Personal information
- Full name: Iker Losada Aragunde
- Date of birth: 1 August 2001 (age 25)
- Place of birth: Catoira, Spain
- Height: 1.75 m (5 ft 9 in)
- Position: Forward

Team information
- Current team: Betis

Youth career
- 2012–2019: Celta

Senior career*
- Years: Team / Apps / (Gls)
- 2018–2023: Celta B / 102 / (15)
- 2019–2023: Celta / 2 / (1)
- 2023–2024: Racing Ferrol / 42 / (9)
- 2024–: Betis / 10 / (0)
- 2025: → Celta (loan) / 12 / (1)
- 2025–2026: → Levante (loan) / 23 / (3)

International career
- 2019: Spain U18 / 6 / (1)
- 2019: Spain U19 / 2 / (0)
- 2024: Galicia / 1 / (0)

= Iker Losada =

Spanish footballer

Iker Losada Aragunde (born 1 August 2001) is a Spanish professional footballer who plays as a forward for club Real Betis.

==Club career==
===Celta===
Losada was born in Catoira, Pontevedra, Galicia. A RC Celta de Vigo youth graduate, he made his senior debut with the reserves on 2 December 2018, coming on as a late substitute for Dani Vega in a 0–0 Segunda División B away draw against AD Unión Adarve.

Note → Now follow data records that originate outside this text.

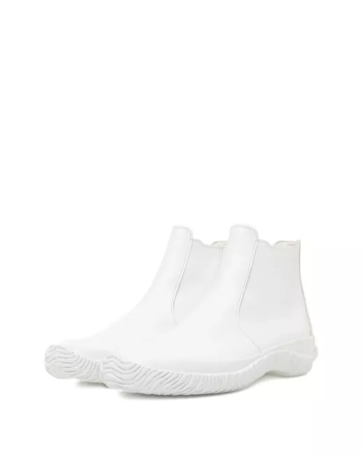 white round toe pull-on style ridged rubber sole side elasticated panels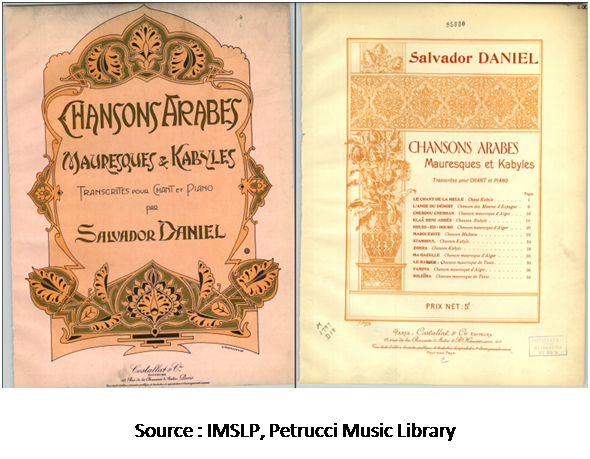 – Illustrations et partitions des Chansons arabes, mauresques et kabyles par Francisco Salvador Daniel, IMSLP – Petrucci Music Library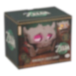 Kul lampe som forestiller en Bokoblin-kiste fra The Legend of Zelda: Breath of the Wild, komplett med de ikoniske lydeffektene når den åpnes. Lampen lyser i to farger, lilla og gul, og er 14,4 cm bred. Den drives av 3 AAA-batterier (ikke inkludert)

Losada spent the 2019 pre-season with the first team, scoring a goal in a friendly match against 1. FC Union Berlin and becoming the first player of the 21st century to do so for the club. He made his professional – and La Liga – debut on 17 August; replacing fellow debutant Gabriel Fernández, he scored his team's only goal in a 1–3 home loss against Real Madrid.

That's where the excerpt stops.